:: Task directions ::
Only the text carries over: repeat the records exactly and drop the images.
═══
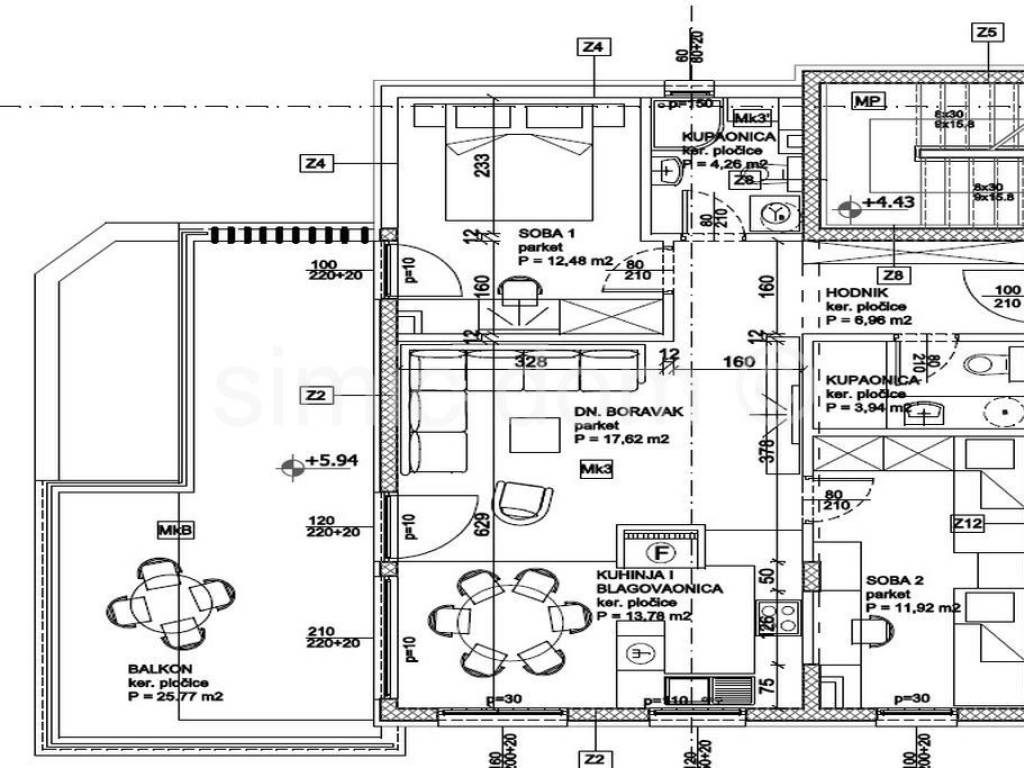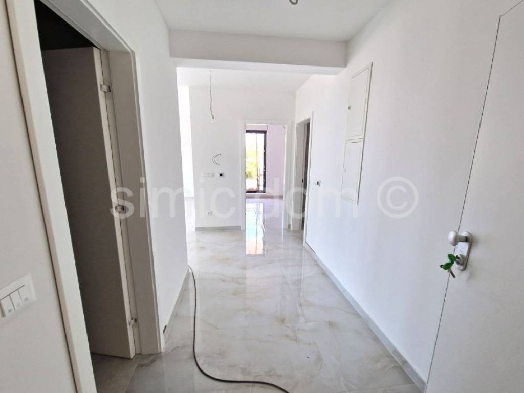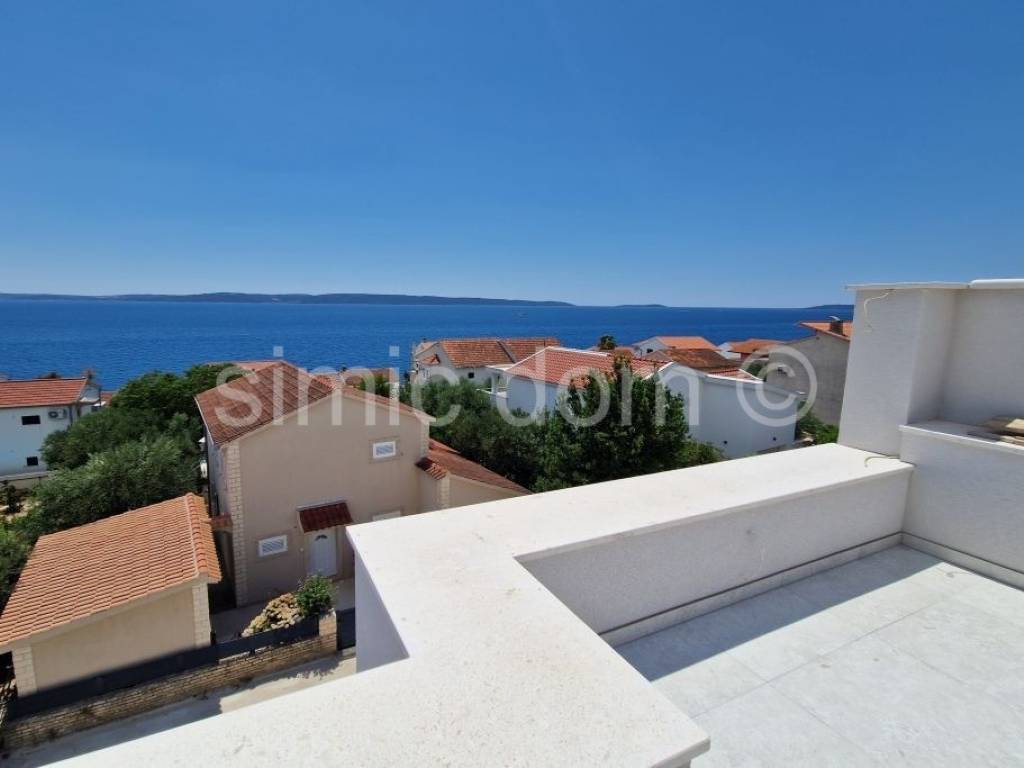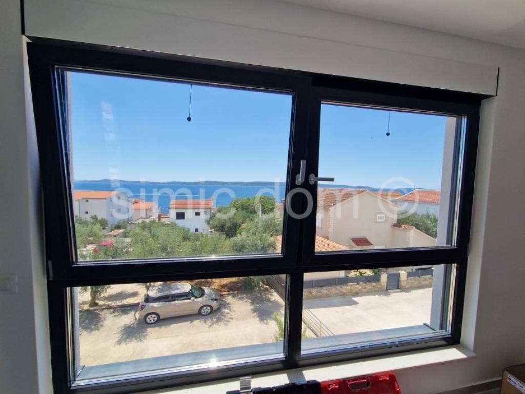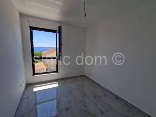 A top apartment for sale in a new building of extremely high quality and equipment, and in a prime location just 160m from the beach. Apartment S5 is placed on the second floor of a building with an elevator. The apartment has a total net area of approximately 114 m2 with all accessories and coefficients included. The interior area of the apartment is 73.50 m2, while there are two more large terraces, one at the apartment level with a floor area of 25.77 m2 and a roof terrace with a floor area of over 40 m2, a swimming pool of 24.68 m2 and a machine room, and it also has a garage space and a storage room, all included in the price. The apartment consists of a hallway, two bathrooms, two bedrooms, an open-concept kitchen with a dining room and a living room that has access to the terrace. The apartment offers a beautiful panoramic view of the sea and the surrounding area. The apartments are equipped with top-quality carpentry and ceramics and are ready for move-in in the summer of 2025. The location of the building is great for tenants who want to rent, but also for those who want to enjoy their own property, the view and the proximity to the beach.
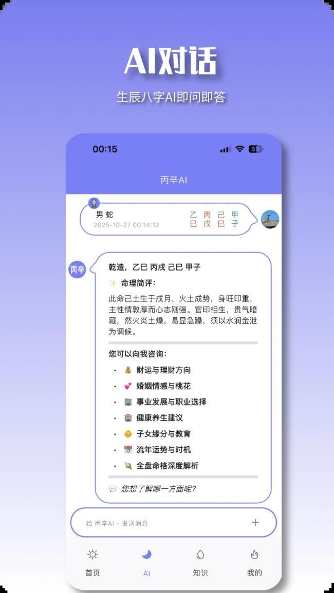 丙辛排盘app下载是一款非常强大且智能的AI排盘测运软件,旨在为用户提供更加专业便捷的八字排版服务,随时都能够在应用当中开启自由的排盘操作,帮助你垮丝获取运势和命里信息,方便于能够高效的掌握个人运势,并且能够抓住每一次机会,帮助用户在生活或者工作当中更加的顺利,其中还拥有强大的AI对话模式,可以通过发送信息的方式咨询信息,带你深度了解生辰八字,为你讲解更加的细腻,详细的排盘信息,直观简洁的操作界面,所有的信息都可以一览无余,同时每一次排盘的信息都会被保存下来,随时都可以在其中进行查看,了解信息更加方便。喜欢的伙伴们快来下载试试吧。
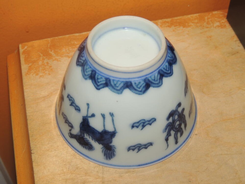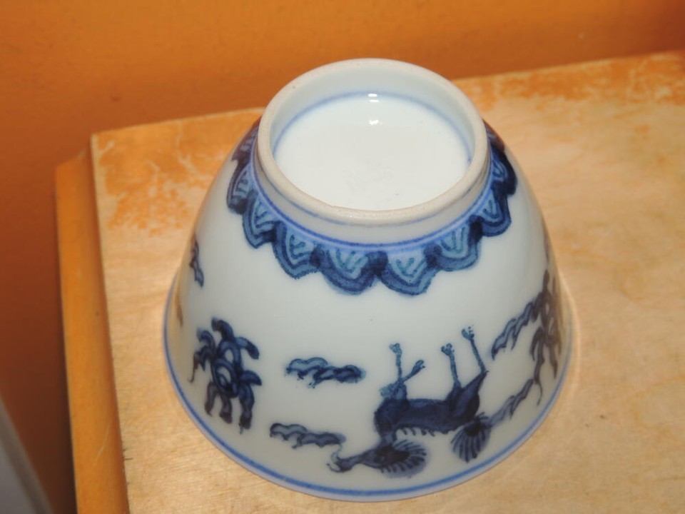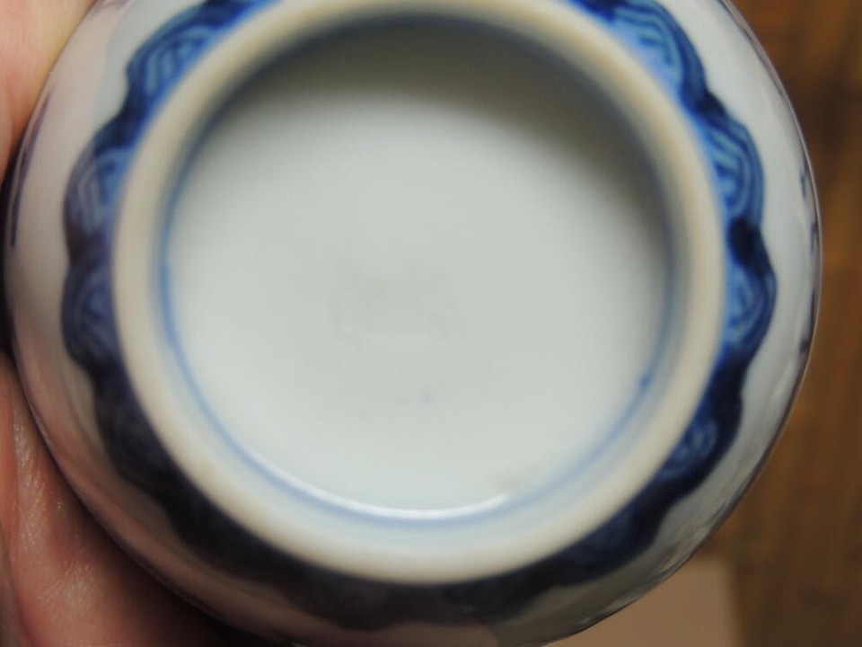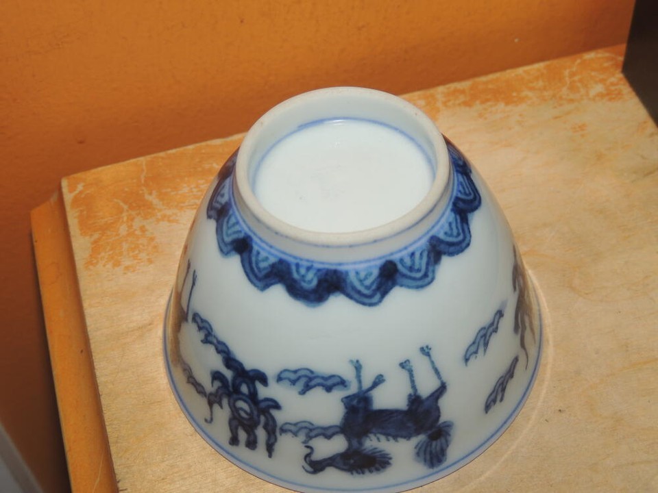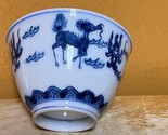 - Chinese Cup 3.25 blue white Qilin engraved mark poss Ming/ Qing Antique/ Vintage
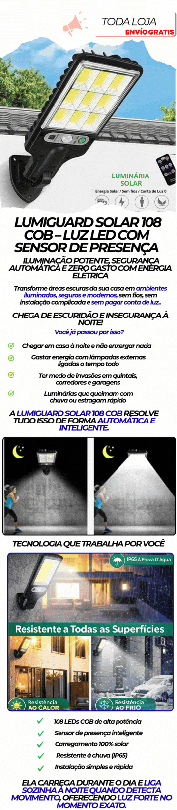 Luminária Solar LumiGuard 108 COB
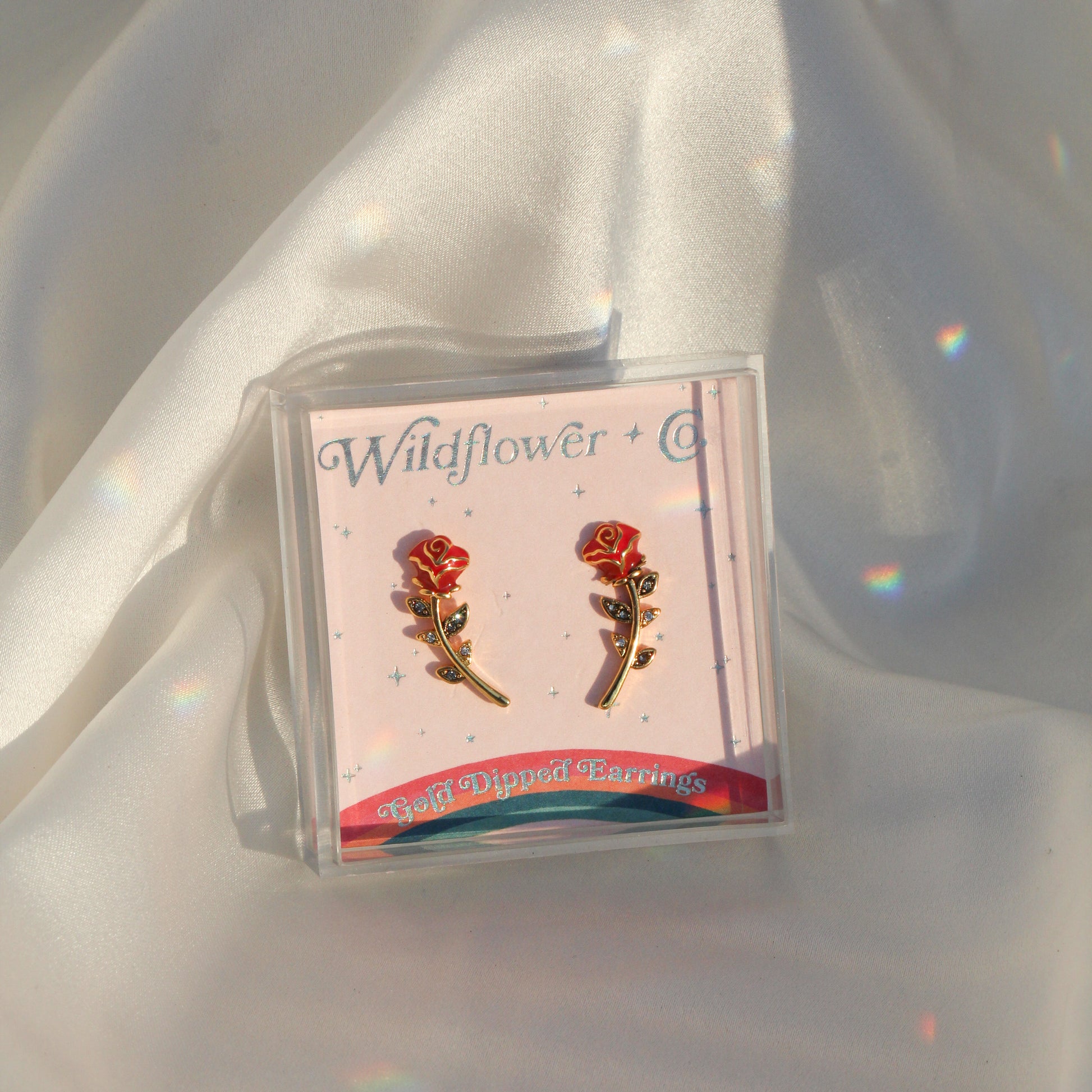 Sweet, delicate long stemmed rose earrings! Wear 2 different ways - as climbers or as drops. Perfect for the coquette or soft girl aesthetic ♥ Delicately detailed with red enamel & subtle pave crystals.
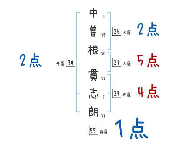 中曽根貫志朗さんの画数の鑑定結果
═══
:: Task output ::
 A top apartment for sale in a new building of extremely high quality and equipment, and in a prime location just 160m from the beach. Apartment S5 is placed on the second floor of a building with an elevator. The apartment has a total net area of approximately 114 m2 with all accessories and coefficients included. The interior area of the apartment is 73.50 m2, while there are two more large terraces, one at the apartment level with a floor area of 25.77 m2 and a roof terrace with a floor area of over 40 m2, a swimming pool of 24.68 m2 and a machine room, and it also has a garage space and a storage room, all included in the price. The apartment consists of a hallway, two bathrooms, two bedrooms, an open-concept kitchen with a dining room and a living room that has access to the terrace. The apartment offers a beautiful panoramic view of the sea and the surrounding area. The apartments are equipped with top-quality carpentry and ceramics and are ready for move-in in the summer of 2025. The location of the building is great for tenants who want to rent, but also for those who want to enjoy their own property, the view and the proximity to the beach.
 丙辛排盘app下载是一款非常强大且智能的AI排盘测运软件,旨在为用户提供更加专业便捷的八字排版服务,随时都能够在应用当中开启自由的排盘操作,帮助你垮丝获取运势和命里信息,方便于能够高效的掌握个人运势,并且能够抓住每一次机会,帮助用户在生活或者工作当中更加的顺利,其中还拥有强大的AI对话模式,可以通过发送信息的方式咨询信息,带你深度了解生辰八字,为你讲解更加的细腻,详细的排盘信息,直观简洁的操作界面,所有的信息都可以一览无余,同时每一次排盘的信息都会被保存下来,随时都可以在其中进行查看,了解信息更加方便。喜欢的伙伴们快来下载试试吧。
 - Chinese Cup 3.25 blue white Qilin engraved mark poss Ming/ Qing Antique/ Vintage
 Luminária Solar LumiGuard 108 COB
 Sweet, delicate long stemmed rose earrings! Wear 2 different ways - as climbers or as drops. Perfect for the coquette or soft girl aesthetic ♥ Delicately detailed with red enamel & subtle pave crystals.
 中曽根貫志朗さんの画数の鑑定結果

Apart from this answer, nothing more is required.